CodePudding user response:
Use list comprehension with zipping both columns:
from difflib import SequenceMatcher
df['ratio'] = [SequenceMatcher(None, a, b).ratio()
for a, b
in zip(df['Account_Name_HGI'], df['company_name_Ignite'])]
print (df)
Row Account_Name_HGI company_name_Ignite ratio
0 1 00150042 plc WAGON PLC 0.095238
1 2 01 telecom, ltd. 01 TELECOM LTD 0.266667
2 3 0404 investments limited 0404 Investments Ltd 0.818182
CodePudding user response:
Use a list comprehension with zip
:
from difflib import SequenceMatcher
df['ratio'] = [similar(a, b) for a, b in
zip(df['Account_Name_HGI'], df['company_name_Ignite'])]

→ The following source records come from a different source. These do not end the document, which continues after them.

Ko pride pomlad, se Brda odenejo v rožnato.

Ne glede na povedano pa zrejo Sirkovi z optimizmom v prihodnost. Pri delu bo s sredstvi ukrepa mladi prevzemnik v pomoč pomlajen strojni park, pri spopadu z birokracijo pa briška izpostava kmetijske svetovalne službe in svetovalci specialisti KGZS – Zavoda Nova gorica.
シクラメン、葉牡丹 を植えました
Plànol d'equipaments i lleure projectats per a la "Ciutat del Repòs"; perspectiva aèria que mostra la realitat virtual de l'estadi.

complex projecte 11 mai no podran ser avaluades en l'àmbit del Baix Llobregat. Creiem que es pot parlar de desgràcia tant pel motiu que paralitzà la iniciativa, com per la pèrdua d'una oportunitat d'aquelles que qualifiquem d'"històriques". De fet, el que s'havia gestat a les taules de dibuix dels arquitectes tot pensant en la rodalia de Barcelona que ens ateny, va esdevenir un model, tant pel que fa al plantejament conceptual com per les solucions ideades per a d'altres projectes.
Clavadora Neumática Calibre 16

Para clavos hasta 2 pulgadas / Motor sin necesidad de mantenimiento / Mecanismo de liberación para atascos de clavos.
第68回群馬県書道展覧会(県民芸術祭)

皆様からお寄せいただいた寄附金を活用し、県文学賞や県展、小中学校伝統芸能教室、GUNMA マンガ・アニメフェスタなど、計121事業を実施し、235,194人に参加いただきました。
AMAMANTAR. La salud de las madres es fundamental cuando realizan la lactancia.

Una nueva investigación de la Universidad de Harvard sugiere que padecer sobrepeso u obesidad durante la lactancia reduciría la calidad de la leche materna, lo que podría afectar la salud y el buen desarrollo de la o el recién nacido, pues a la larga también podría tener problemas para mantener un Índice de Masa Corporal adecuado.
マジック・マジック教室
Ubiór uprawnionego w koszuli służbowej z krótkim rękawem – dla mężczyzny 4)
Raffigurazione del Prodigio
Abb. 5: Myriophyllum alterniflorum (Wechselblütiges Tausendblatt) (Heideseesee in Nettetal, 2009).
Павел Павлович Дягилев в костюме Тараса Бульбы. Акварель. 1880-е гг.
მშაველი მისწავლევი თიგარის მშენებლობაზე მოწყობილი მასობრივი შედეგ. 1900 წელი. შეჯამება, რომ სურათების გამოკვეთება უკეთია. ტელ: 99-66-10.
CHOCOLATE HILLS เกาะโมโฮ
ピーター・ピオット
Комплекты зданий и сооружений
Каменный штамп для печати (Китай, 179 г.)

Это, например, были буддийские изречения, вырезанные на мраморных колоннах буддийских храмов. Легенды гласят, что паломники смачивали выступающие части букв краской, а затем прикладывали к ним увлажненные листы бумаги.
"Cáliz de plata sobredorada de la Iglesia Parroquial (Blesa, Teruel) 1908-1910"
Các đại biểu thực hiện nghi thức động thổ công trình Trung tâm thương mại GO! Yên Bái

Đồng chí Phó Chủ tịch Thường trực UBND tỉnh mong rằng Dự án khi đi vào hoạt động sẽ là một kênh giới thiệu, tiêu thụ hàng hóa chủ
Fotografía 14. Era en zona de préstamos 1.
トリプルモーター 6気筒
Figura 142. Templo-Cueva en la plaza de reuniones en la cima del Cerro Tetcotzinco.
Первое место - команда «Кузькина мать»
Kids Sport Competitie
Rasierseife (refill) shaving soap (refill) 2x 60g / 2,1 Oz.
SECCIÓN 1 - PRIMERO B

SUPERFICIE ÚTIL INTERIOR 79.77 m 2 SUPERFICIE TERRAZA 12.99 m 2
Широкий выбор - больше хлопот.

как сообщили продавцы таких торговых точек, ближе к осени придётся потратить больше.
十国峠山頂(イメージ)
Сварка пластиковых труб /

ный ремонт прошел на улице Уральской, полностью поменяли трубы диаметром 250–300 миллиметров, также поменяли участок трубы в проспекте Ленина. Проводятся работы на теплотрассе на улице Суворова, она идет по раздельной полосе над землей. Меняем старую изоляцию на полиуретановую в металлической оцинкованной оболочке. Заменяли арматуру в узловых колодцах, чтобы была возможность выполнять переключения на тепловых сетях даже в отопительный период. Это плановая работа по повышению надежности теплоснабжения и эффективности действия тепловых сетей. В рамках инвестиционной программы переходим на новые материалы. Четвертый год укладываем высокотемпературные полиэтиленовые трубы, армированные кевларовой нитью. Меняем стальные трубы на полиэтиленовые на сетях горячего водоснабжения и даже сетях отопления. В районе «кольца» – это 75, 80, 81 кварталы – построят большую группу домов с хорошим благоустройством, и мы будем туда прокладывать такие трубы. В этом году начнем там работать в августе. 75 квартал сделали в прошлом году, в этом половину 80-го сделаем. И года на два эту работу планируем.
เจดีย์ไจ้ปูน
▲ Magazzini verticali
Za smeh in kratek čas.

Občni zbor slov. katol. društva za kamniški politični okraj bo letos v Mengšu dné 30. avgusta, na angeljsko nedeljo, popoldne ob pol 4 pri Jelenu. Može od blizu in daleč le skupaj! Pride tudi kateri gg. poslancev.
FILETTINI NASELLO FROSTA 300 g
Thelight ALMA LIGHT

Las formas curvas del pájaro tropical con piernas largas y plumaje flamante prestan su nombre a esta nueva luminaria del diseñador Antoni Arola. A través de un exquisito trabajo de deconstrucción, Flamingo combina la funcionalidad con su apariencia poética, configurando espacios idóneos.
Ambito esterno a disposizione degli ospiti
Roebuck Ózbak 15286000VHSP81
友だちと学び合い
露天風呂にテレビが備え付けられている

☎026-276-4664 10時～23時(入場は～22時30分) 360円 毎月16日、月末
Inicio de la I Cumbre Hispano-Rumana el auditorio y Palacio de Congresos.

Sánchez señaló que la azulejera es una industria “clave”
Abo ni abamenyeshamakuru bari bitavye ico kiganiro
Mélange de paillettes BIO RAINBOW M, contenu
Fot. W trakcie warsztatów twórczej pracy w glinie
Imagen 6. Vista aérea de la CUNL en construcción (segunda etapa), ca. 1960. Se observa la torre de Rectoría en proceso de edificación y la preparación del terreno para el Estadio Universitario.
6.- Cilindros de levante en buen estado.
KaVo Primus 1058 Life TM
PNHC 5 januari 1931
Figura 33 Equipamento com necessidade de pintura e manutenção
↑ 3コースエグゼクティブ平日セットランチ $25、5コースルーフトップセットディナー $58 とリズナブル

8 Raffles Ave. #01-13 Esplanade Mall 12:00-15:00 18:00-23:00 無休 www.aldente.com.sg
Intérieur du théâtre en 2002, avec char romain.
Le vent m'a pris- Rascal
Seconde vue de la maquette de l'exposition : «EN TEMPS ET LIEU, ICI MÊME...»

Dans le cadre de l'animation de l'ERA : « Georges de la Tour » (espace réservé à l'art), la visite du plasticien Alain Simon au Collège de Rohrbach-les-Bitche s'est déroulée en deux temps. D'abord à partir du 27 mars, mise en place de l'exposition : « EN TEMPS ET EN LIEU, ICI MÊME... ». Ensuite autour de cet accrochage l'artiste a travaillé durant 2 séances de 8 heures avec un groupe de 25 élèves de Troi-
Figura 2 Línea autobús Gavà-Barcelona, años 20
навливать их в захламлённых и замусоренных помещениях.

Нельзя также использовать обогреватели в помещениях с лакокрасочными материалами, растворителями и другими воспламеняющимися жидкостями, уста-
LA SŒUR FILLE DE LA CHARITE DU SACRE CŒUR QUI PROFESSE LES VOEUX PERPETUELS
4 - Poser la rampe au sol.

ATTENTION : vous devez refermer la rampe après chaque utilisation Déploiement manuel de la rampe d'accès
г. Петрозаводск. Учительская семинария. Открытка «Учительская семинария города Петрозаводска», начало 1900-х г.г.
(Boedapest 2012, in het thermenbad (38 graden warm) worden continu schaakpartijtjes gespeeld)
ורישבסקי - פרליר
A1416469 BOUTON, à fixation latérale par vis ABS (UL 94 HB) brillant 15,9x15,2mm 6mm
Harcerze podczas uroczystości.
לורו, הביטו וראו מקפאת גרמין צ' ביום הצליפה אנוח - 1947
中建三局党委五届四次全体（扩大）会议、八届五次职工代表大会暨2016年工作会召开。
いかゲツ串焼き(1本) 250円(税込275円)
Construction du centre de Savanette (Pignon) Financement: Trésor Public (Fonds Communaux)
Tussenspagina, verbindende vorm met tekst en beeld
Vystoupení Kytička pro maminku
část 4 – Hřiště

# or directly without your custom function
df['ratio'] = [SequenceMatcher(None, a, b).ratio() for a,b in
zip(df['Account_Name_HGI'], df['company_name_Ignite'])
]
Output:
Row Account_Name_HGI company_name_Ignite ratio
0 1 00150042 plc WAGON PLC 0.095238
1 2 01 telecom, ltd. 01 TELECOM LTD 0.266667
2 3 0404 investments limited 0404 Investments Ltd 0.818182